Car bomb kills nine in Afrin: Observatory
A car bomb killed at least nine people including five civilians near a pro-Turkey rebel post in the northern Syrian city of Afrin Sunday, Syrian Observatory for Human Rights said.
The group said it was not clear who was behind the blast in the city, which was seized from Kurdish forces earlier this year.
The explosion comes after the Turkish president Wednesday threatened to launch a new offensive against the Kurdish People’s Protection Units (YPG) in Syria.
The Observatory said the blast in a market wounded dozens, and the toll was likely to rise.
Vegetable seller Abu Yazan al-Qabuni said he was in the market toward midday when he saw a van enter. “We thought it was carrying vegetables,” he said.
After a huge blast rocked the area, he ran to the site of the explosion, finding wounded people and body parts on the ground.
“I put them in a bag and buried them,” he said.
“There are no armed gangs, no terrorists here. We’re a vegetable market,” he added, indignant.

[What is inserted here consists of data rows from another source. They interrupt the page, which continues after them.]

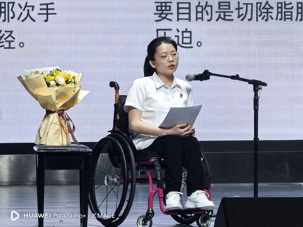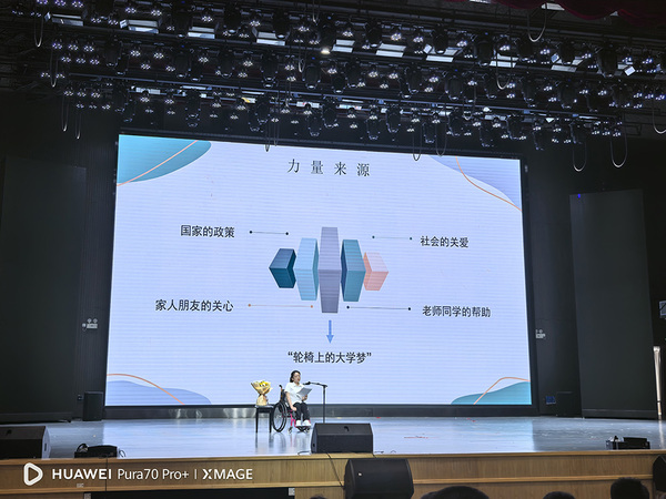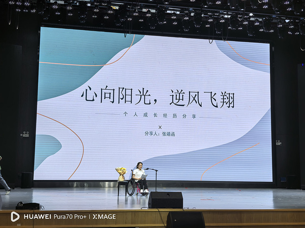 “在黑暗中掘地洞之余,要努力化眼泪为知识。”在活动即将迎来尾声的时候,一位勇敢的追梦人用自己的成长历程深深感动着在场的每一位师生。张靖函学姐虽家境贫寒,甚至因病被“禁锢”在轮椅上,但她最终凭借自己的努力考入大学,并且已经考取研究生。成长路上心向阳光,逆风飞翔,这样的人生态度将激励在场学子不断坚持、不断拼搏,成就不凡人生。
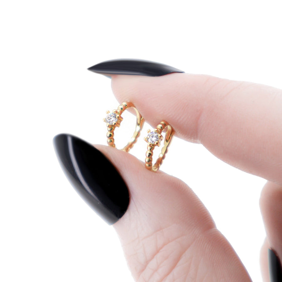 Solitär Boho Creolen Gold Weiß
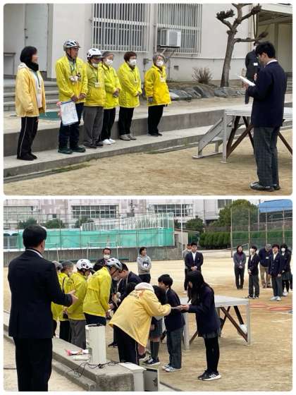 生徒会代表が感謝の気持ちを伝えたあと、6年生が児童の書いた手紙をお渡ししました。見守り隊の方からも、安全啓発へのお話をしていただき、子どもたちの意識もさらに高まったと思います。これからも、児童生徒が安全に登校できるよう、よろしくお願いいたします。
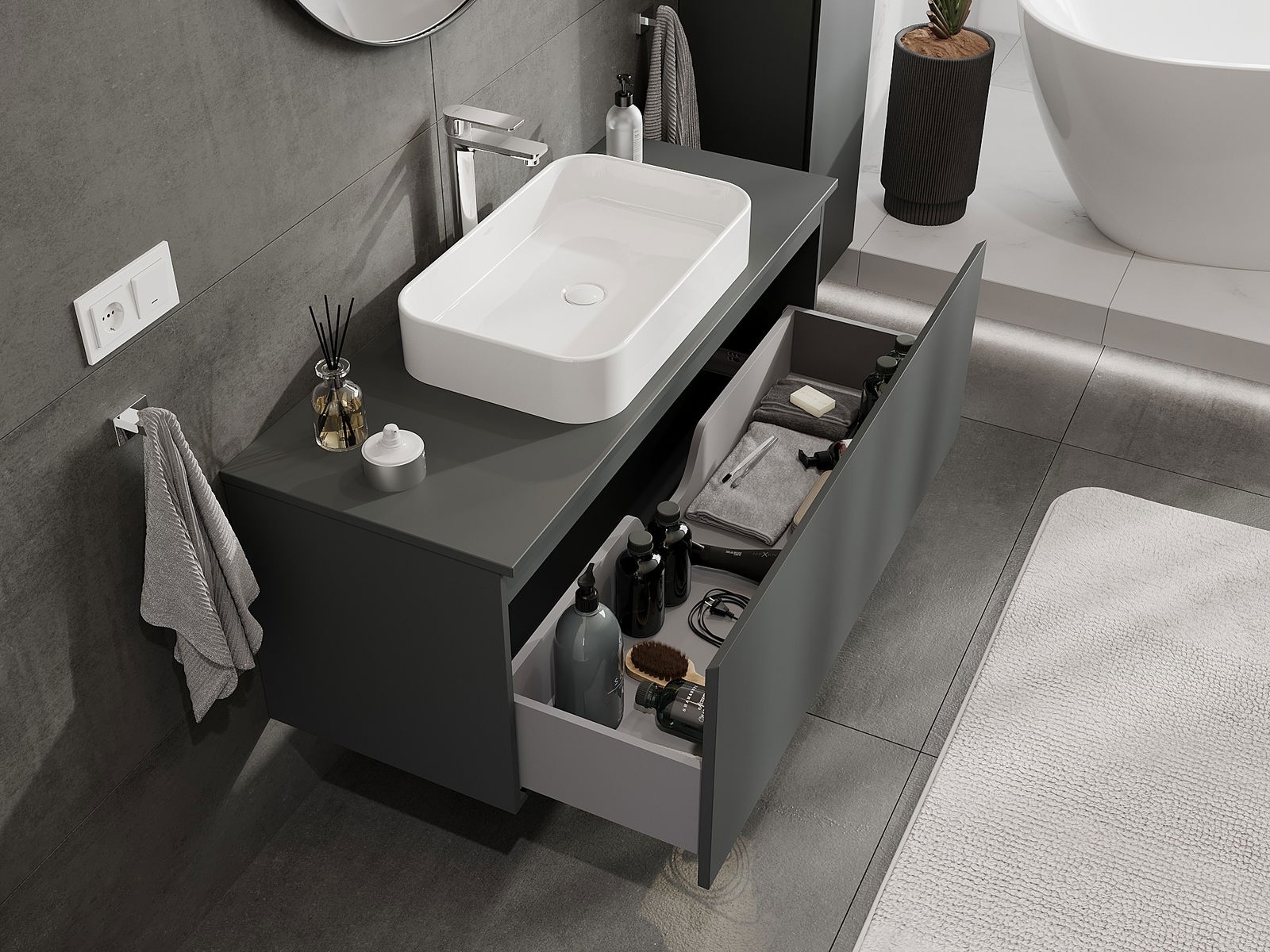 Our modular bathroom furniture can be combined in various colour configurations, allowing for complete personalisation. You can choose both the appearance and functions of individual elements, enabling you to adapt the furniture to your own stylistic and functional preferences.
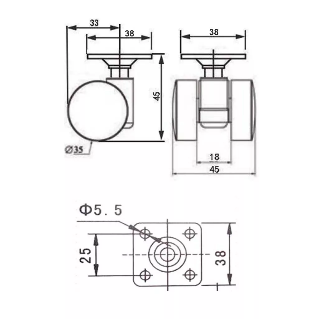 35 mm átmérőjű bútorgörgő 38x38 mm-es talppal. Puha padlóra tervezve, teherbírása akár 70 kg.
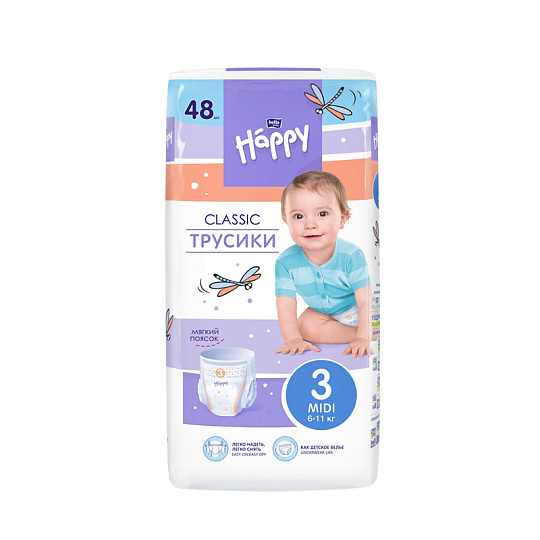 Подгузники-трусики гигиенические bella baby Happy в размере MIDI для малышей весом 6-11 кг
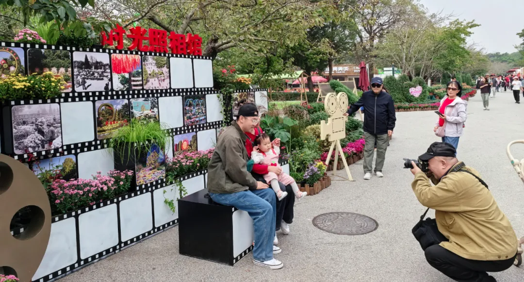 菊展上的“時光照相館”景觀引眾多市民前來取景拍攝
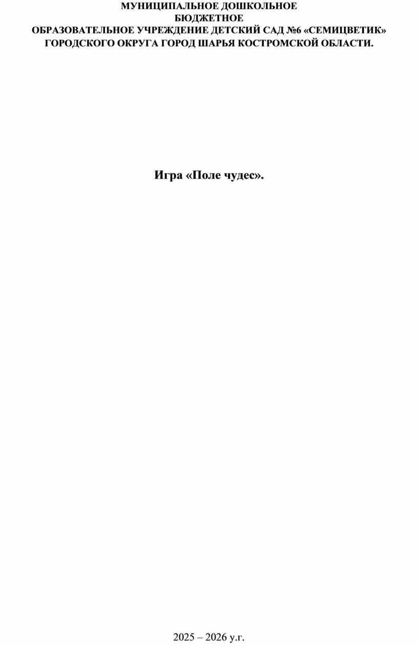 ОБРАЗОВАТЕЛЬНОЕ УЧРЕЖДЕНИЕ ДЕТСКИЙ САД №6 «СЕМИЦВЕТИК» ГОРОДСКОГО ОКРУГА ГОРОД ШАРЬЯ КОСТРОМСКОЙ ОБЛАСТИ.
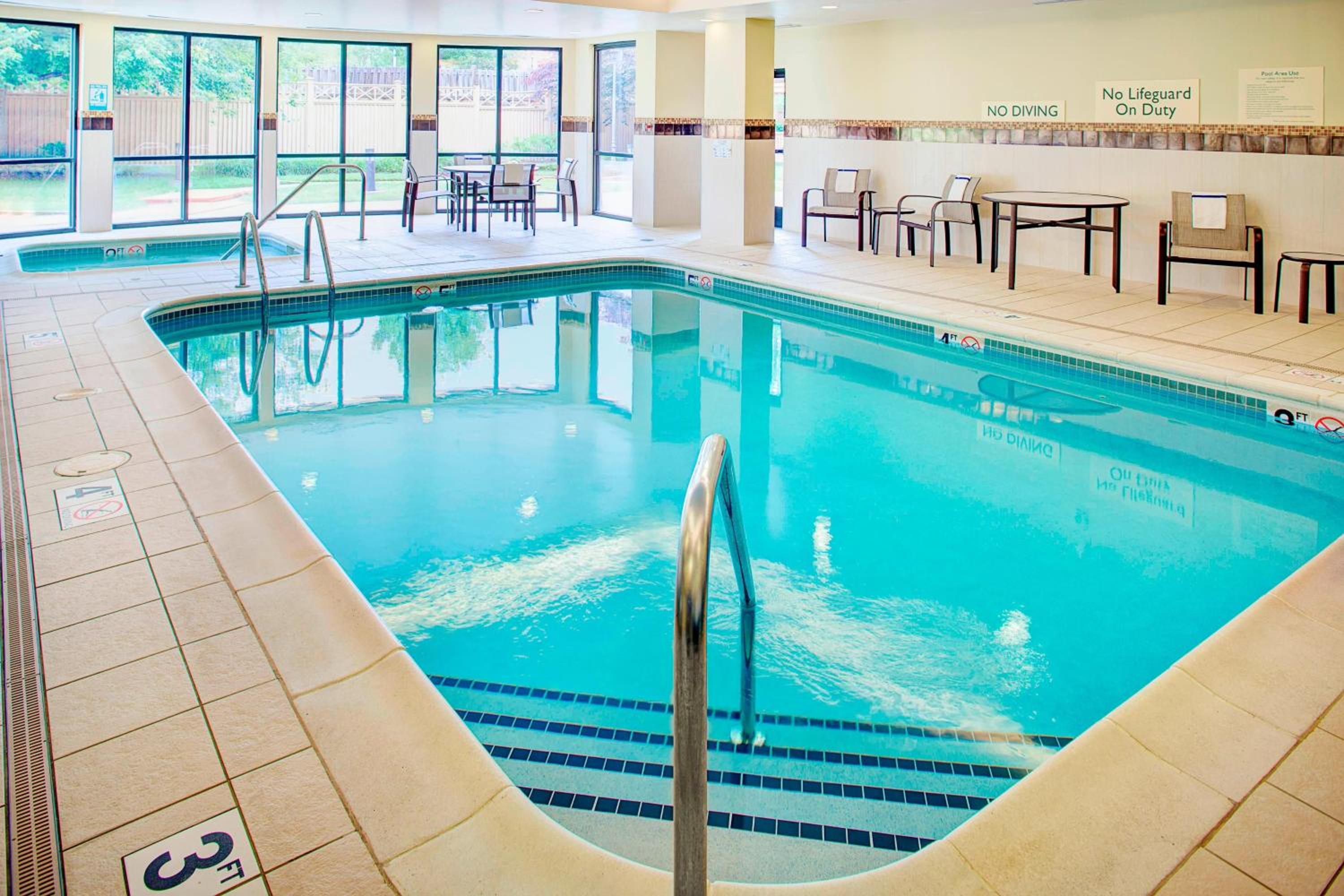 Dining and Leisure Options: Start your day with a delicious breakfast at the Courtyard Bistro, offering fresh Starbucks coffee. Indulge in American cuisine and cocktails for dinner. Unwind in the stylish lobby or take a dip in the indoor pool with a hot tub.

Turkey accuses the YPG of being “terrorists,” but the Kurdish militia also forms the backbone of a U.S.-backed alliance fighting Daesh (ISIS) in Syria.
YPG forces are present in areas along the Turkish border to the east of Afrin.
Turkish President Recep Tayyip Erdogan said Wednesday Turkey was planning to launch a new offensive within the “next few days” against the YPG in northern Syria.
A day later, a Turkish soldier was killed in the Afrin region after coming under fire from the YPG, the Turkish Defense Ministry said.
American forces are present in an area along the Turkish border east of Afrin, as part of the U.S.-led coalition fighting Daesh.
Erdogan has strongly criticized Washington’s support for the YPG-led Syrian Democratic Forces fighting Daesh in their last holdout in the far east of the country.
The U.S. military said Saturday that coalition forces destroyed a Daesh command center inside a mosque in the eastern border town of Hajin.
The statement comes as the Kurdish-led forces mop up the final remnants of Daesh militants in Hajin, which is near the border with Iraq, the largest settlement in what is the last pocket of territory controlled by the militants.
More than 16 “heavily armed” militants were at the “command and control node” at the mosque when it was destroyed by a “precision strike,” a statement from the Combined Joint Task Force read.
Fighters with the Syrian Democratic Forces secured Hajin after weeks of heavy fighting Friday, the Observatory said.
Meanwhile, outgoing U.N. envoy for Syria Staffan de Mistura Sunday said peace in Syria could be won through a post-war “inclusive constitution.” De Mistura is trying to set up a U.N.-backed constitutional committee for Syria that would include 50 members chosen by Damascus, 50 by the opposition and 50 by the United Nations.
The planned constitutional committee was agreed at a Russia-hosted conference in January.
The centerpiece of U.N. peace efforts in Syria, the committee would be tasked with negotiating a new postwar constitution that would pave the way to elections aimed at turning the page on seven years of devastating war.
But it has run into objections from the Syrian government.
The opposition has pushed for an entirely new constitution, but Damascus has said it will only discuss altering the current one.